Task: Only a verbatim restatement of the lines from the one with "Located on the" through the end of the listing below is wanted. Pictures should be left out.
--------------------------------------------------
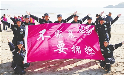 “不家暴,要拥抱”“要拥抱,反家暴”……11月25日是“国际反家庭暴力日”,昨日上午,玉环市首届“反家暴”主题宣传沙滩课堂在坎门后沙黄金沙滩上开课,玉环市妇联、坎门街道巾帼志愿者、公安女警、海韵女子巡防队等100多人相聚在一起,通过接力签名、宣讲反家暴课等形式,宣传倡导反对家庭暴力,创建平安家庭,家和万事兴,构建社会大和谐。
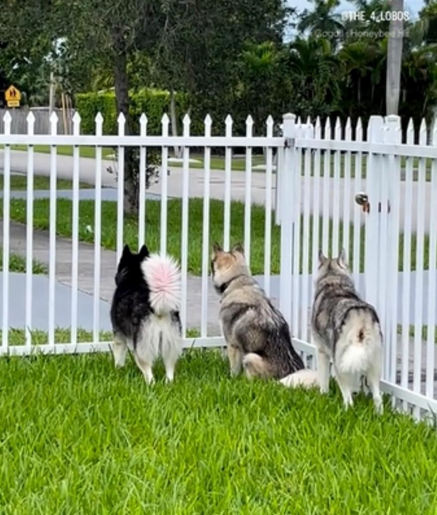 Η χρήστης του TikTok @the_4_lobos δημοσίευσε ένα αξιολάτρευτο βίντεο με τσ Huskies της να κοιτάζουν μέσα από τον φράχτη τους κάτι που βρήκαν εντελώς συναρπαστικό.
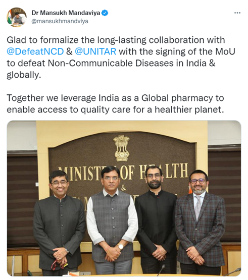 13 September 2022, Geneva, Switzerland – The Ministry of Health and Family Welfare signed a memorandum of understanding (MoU) with The Defeat-NCD Partnership at the United Nations Institute for Training and Research (UNITAR). The partnership is aimed at advancing Sustainable Development Goal 3.4 i.e., the reduction by one-third of premature mortality from NCDs through prevention and treatment and supporting efforts to enable and assist all low-resource countries to scale-up action on NCDs through the four pillars of work of the Defeat-NCD Partnership.
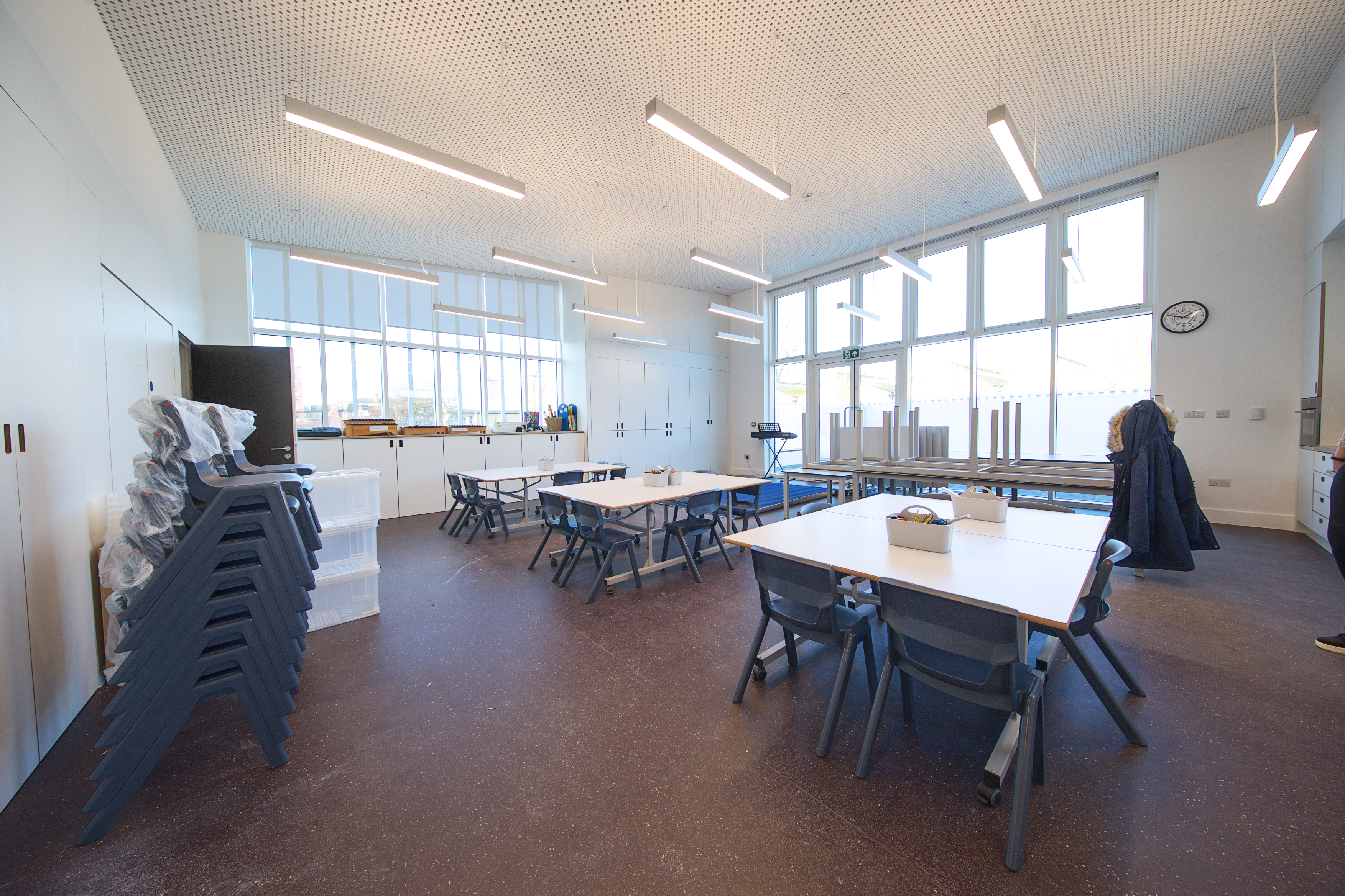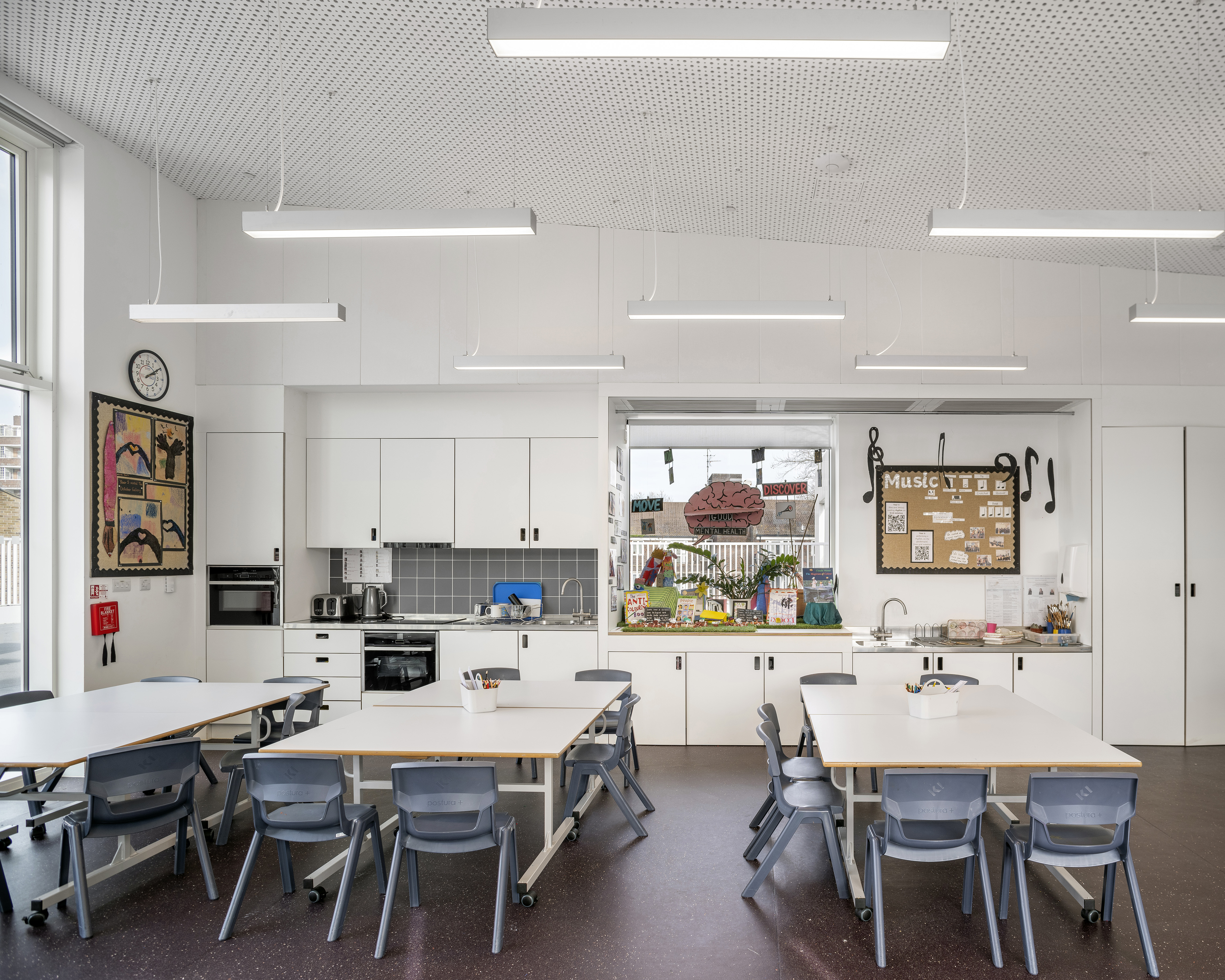 Located on the second floor of the building, the Studio is ideal for creative workshops, trainings and classes. The Studio is equipped with a smart board, 8 fold-up tables and 32 chairs, as well as a kitchenette containing an oven, tap and microwave. All furniture is child-size.
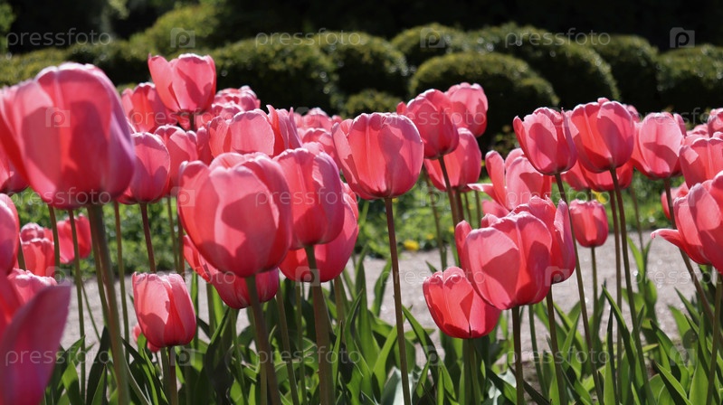 Множество ярко-розовых тюльпанов на клумбе в саду. Избирательный фокус
--------------------------------------------------
Expected answer:
 Located on the second floor of the building, the Studio is ideal for creative workshops, trainings and classes. The Studio is equipped with a smart board, 8 fold-up tables and 32 chairs, as well as a kitchenette containing an oven, tap and microwave. All furniture is child-size.
 Множество ярко-розовых тюльпанов на клумбе в саду. Избирательный фокус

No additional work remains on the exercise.